High-Performance Data Analytics to the Rescue

By: Ken King

For communications service providers (CSPs), success has always entailed straddling two paths to competitive advantage. One path requires understanding the limitations of your technology and finding creative ways to mitigate them. The other path requires recognizing when technology has advanced to such a point that previous constraints no longer apply. When this happens, competitive advantage comes to those who act quickly and decisively to shed the old ways of doing business.

Most CSPs are at this technological crossroads today. Until now, CSPs were forced to strictly conserve computing resources and ensure that processes could run within a limited window of time. Therefore your processes used analytics sparingly on just a sample set of available data, and your analytical infrastructure was not designed to meet needs from big data and complex analytical processing.

Recent dramatic improvements in computing power’s price and performance have rendered such processes totally obsolete.

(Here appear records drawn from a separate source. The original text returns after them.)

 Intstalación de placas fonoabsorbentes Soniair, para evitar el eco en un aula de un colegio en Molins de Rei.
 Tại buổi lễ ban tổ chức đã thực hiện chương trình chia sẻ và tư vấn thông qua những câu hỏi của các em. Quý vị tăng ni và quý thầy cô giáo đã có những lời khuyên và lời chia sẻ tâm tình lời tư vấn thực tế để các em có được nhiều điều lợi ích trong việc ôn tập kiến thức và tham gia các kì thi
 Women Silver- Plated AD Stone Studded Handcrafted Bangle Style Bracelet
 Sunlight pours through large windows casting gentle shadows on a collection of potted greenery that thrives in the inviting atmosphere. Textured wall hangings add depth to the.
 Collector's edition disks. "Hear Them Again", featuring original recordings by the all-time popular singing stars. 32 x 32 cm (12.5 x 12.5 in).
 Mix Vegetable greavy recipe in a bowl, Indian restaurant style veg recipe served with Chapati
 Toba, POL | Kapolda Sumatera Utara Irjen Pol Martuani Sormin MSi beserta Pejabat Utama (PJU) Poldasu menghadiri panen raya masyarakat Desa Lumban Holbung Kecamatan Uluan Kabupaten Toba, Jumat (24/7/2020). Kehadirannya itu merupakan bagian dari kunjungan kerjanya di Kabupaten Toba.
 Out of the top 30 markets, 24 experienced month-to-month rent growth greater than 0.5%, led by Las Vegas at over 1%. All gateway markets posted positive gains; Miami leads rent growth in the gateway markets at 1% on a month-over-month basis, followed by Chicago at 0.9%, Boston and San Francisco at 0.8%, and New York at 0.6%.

But how do you transition to the new way of doing business so you can be one of the winners in today’s competitive landscape?

Enter high-performance analytics.

High-performance analytics capture the value in all your data

Communications companies collect and store huge amounts of data, much of it mandated by regulators. Most CSPs regard this as a burden, but a necessary cost of doing business.

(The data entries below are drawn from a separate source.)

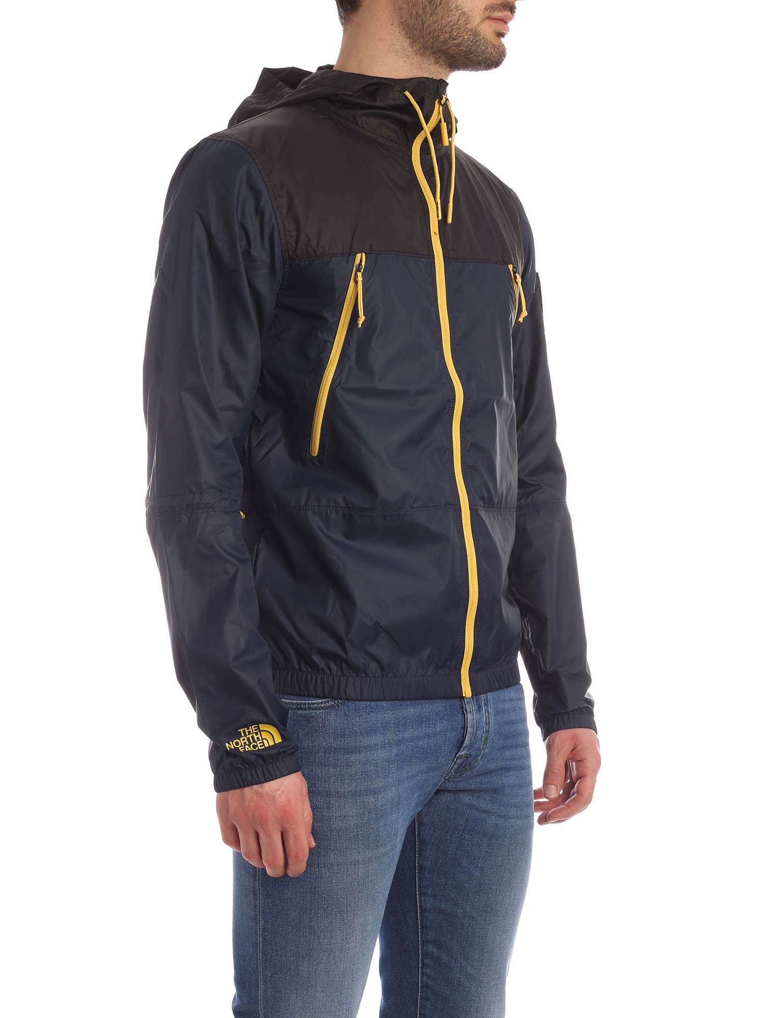 The North Face jacket in blue technical fabric, hood with drawstring, elastic waist and cuffs, side pockets and yellow zip closure.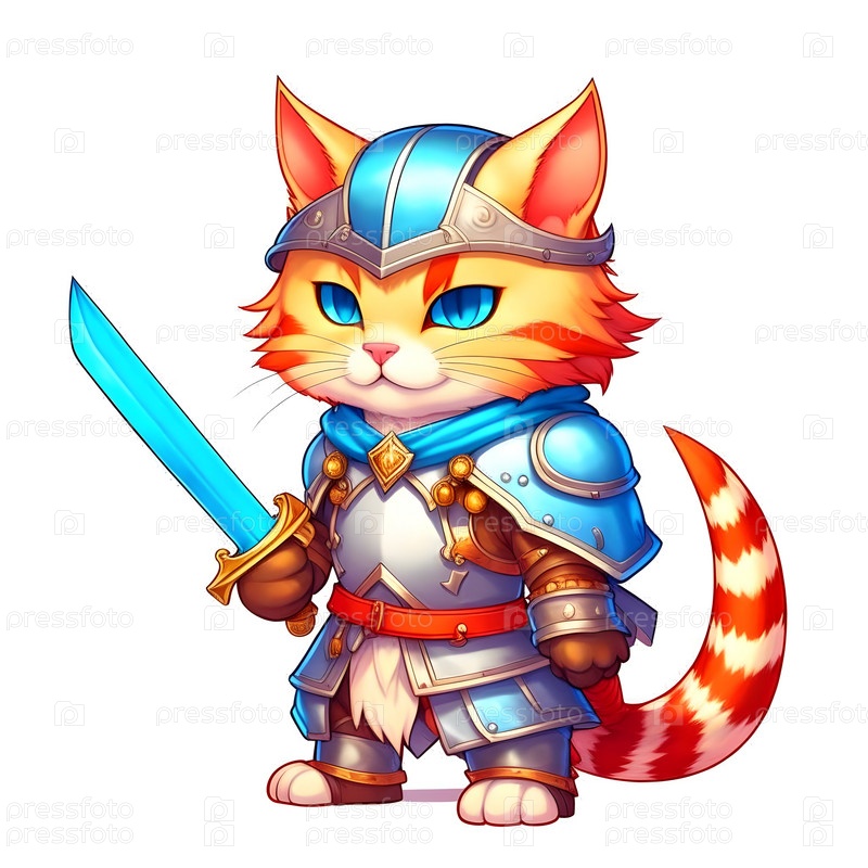 Рисунок рыжего котенка со шлемом, мечом и доспехами на белом фоне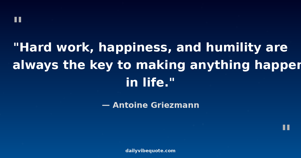 "Hard work, happiness, and humility are always the key to making anything happen in life."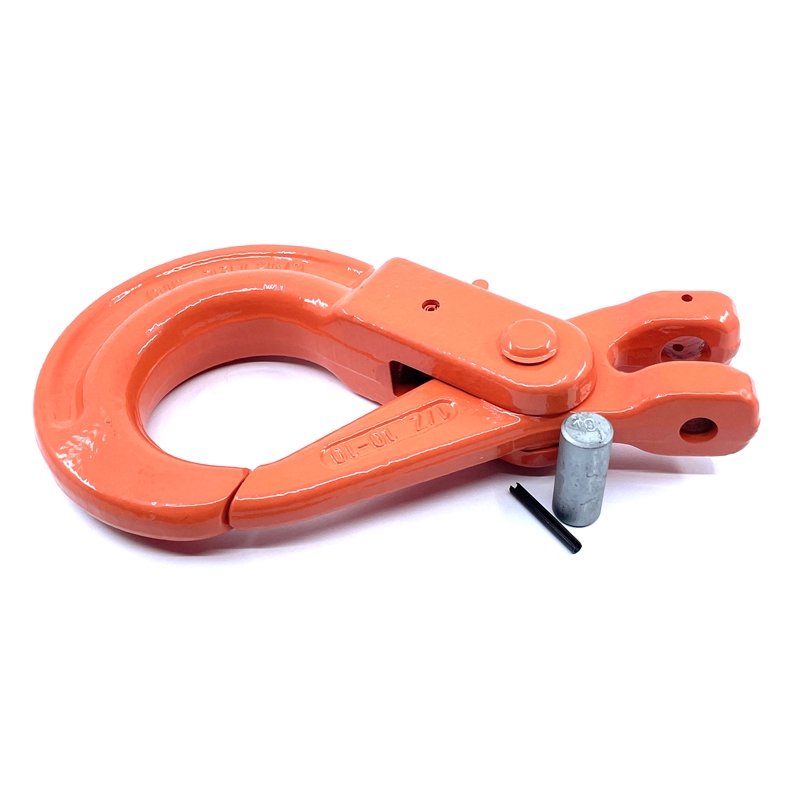 Samozaisťovací hák s vidlicou pevnostnej triedy 100 je vyrobený z vysoko kvalitnej ocele a jeho povrchovou úpravou je komaxit v oranžovej farbe. Tento hák slúži ako spojovací komponent pre stavebný a lesnícky priemysel. Používa sa predovšetkým v spojení s lanom alebo reťazou na zdvíhanie či spúšťanie bremien. Na pripevnenie na reťaz sa používa zaisťovací čap, ktorý je upevnený závlačkou, čo umožňuje rýchlu inštaláciu háku bez použitia spojovacieho článku. Správny dizajn, starostlivé kovanie, precízne kontrolované kalenie a temperovanie poskytujú maximálnu pevnosť bez nadmernej hmotnosti a objemu.

In reality there’s never been a better time to acknowledge that customer information — from data to network performance, call centers and social-media sources like Twitter, Facebook and more — is actually your best source of competitive advantage. With high-performance analytics you can finally start putting all that data to good use.

The strength of analytics centers on its ability to accurately forecast the future. High-performance analytics enables you to do even more: it helps you minimize risk, operate more efficiently and make faster, better decisions based on a lot more information. It can also help CSPs:

  • achieve sustainable competitive advantage by accurately matching price plans to individual customer preferences;
  • significantly improve collections efforts to reduce accounts receivable and days sales outstanding (DSO);
  • recognize their most influential customers and subsequently convert those customers’ social influence into better marketing of company services;
  • boost revenue through a better understanding of online and television audience behaviors;
  • realize the potential for profitable location-based mobile services that enhance the customer experience.

Getting the price right for every customer

“I am the head of data analytics, and I do not understand all our price plans.”

That quote comes from the person responsible for customer analytics at a large Latin American operator. If he finds the price plans confusing, imagine how frustrating it can be for a new contact-center agent or retail-store clerk, let alone a customer. Price dissatisfaction is the most common reason for customer defections.

Network operators are remarkably creative in launching price plans. A mixture of speed caps, data caps and usage caps is the preferred method to attract customers to broadband services and prevent a handful of gluttonous users from consuming so much bandwidth that service disruptions occur.

Operators seek to offer each customer the best price plan so they can maximize their company’s profitability over time. Of course, the “best” plan varies by customer, and the best plan for an individual customer shifts over time as circumstances and usage patterns change.

Operators rely on contact-center agents, store clerks or self-service rate-plan calculators to make simplistic calculations based on a few parameters. But this hit-or-miss strategy is both imprecise and inefficient.